Has anyone here ever suffered from PP OCD?
I will just open up with this...
I have very close family members who are extremely mentally ill. The idea of mental illness terrifies me. So when I was about 6-7 months pregnant with DS (who is now 9 mos) and had invasive thoughts, I squashed them (my ability to talk myself through them makes me think that I have/had a very mild case of PPOCD). I agonized a bit over whether I was a bad person or not. It was a dark, horrible time. I remember having such awful, terrible, horrific invasive thoughts that were nothing like the person I thought I was. I was single, living alone with a two year old, unemployed and financially unstable, and a full time student. The stress was horrible. My ex (who I am now working things out with) was just... gone. He is a recovering addict but was in full blown addiction at that time. Anyway, I just kept truckin', hoping either things would get better or I'd learn to cope.

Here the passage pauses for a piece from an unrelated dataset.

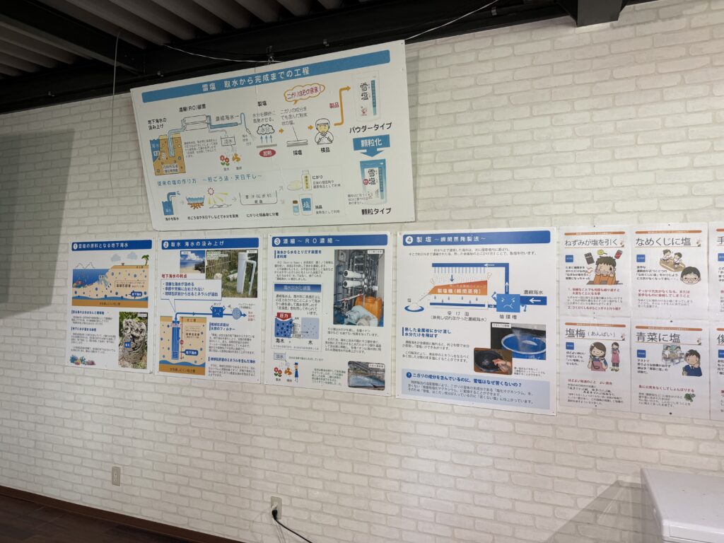 画像にもある通り、館内の壁面には**「取水→濃縮→製塩→製品」**までの流れが図解で紹介されており、製塩工程を初めて見る方でも楽しめます。

I stumbled on a thread about PP OCD one night and it was like a prayer answered. I broke down in tears and suddenly it made sense - it wasn't me! I'm not an evil person. I'm not a bad person. These thoughts weren't my own. I also wasn't schizophrenic, like I worried. With that knowledge alone, I've been overcoming things slowly. I haven't gotten the guts to call about low income counseling. I know I need to because once in a while, I will have an invasive thought that just makes me cringe and reminds me of such a painful time (usually when I'm extremely stressed out).
I just wanted to know if any other mama's here had any experiences with this, or if they are seeing something else in this post I should look into. I am much, much better than I was six months ago and feel like I can be okay without outside help, but at the same time... I think I want a therapist. I'm just not very sure on how to approach that. I feel like a wimp, weakling, sissy everytime I try to reach out for professional help.
I've admitted this to two close friends and my mom, but I've never divulged details. I've never heard a voice telling me what to do, or anything like that.
Agh, I feel so dumb posting this but... maybe I'll get some support..
Posting to bump your thread . . . and give you a virtual hug.
Hopefully people with more experience will post soon. All I know is it takes a lot of bravery to ask for help when you need it. I hope you find a good therapist who helps you feel like they are supporting what you need. This is not handing yourself over into someone else's control, but seeking professional support to help you feel how you want to feel and live how you want to live.
Sending lots of good wishes!
Me!!! I suffered through terrible, horrible invasive thoughts. They ranged from being schizophrenic, doing horrible things to my kids, fearing I could have hurt someone and not remember, to thinking that my drink was contaminated.
I found the most relief from the book call The Happiness Trap and the supplements Inositol and Sunflower Lecithin.
Mama to 5 (b17,b11,b9,g6,b4)
Our Final Addition arriving in Mid June 2014
I don't know. I just kind of accepted that if it ends up that I am schizophrenic (which I doubt, when I'm being rational, but when I worry I can become very hypochondriac-like and point out a million reasons I probably am) there is nothing I can do to change that, and I will just cope. I love my family member who is severely mentally ill with all of my heart. It breaks my heart when she is zoned out on meds or not feeling great.
I also throw myself into my life instead of agonizing over mental illness (especially with the invasive thoughts). I mentally say, "STOP. This is not you. You are not a bad person. Now move on." and it WORKS - it took a few weeks because I thought it would NOT work, but it does. Amazingly.
I also talk about it a bit with my partner. He's not very supportive because he's dealing with his own issues and I think, honestly, he thinks that if I was unable to be the primary caretaker/breadwinner for the kids, he would not be able to handle the pressure. I hope that we can talk that out some more, soon, but he is going through recovery for an opiate addiction and I'm just not sure how to bring up my own issues which are abstract when his are so concrete and current.
That's me, definitely.
Hugs, mama. I'm so glad you found what works for you. I wouldn't wish this on anyone, ever.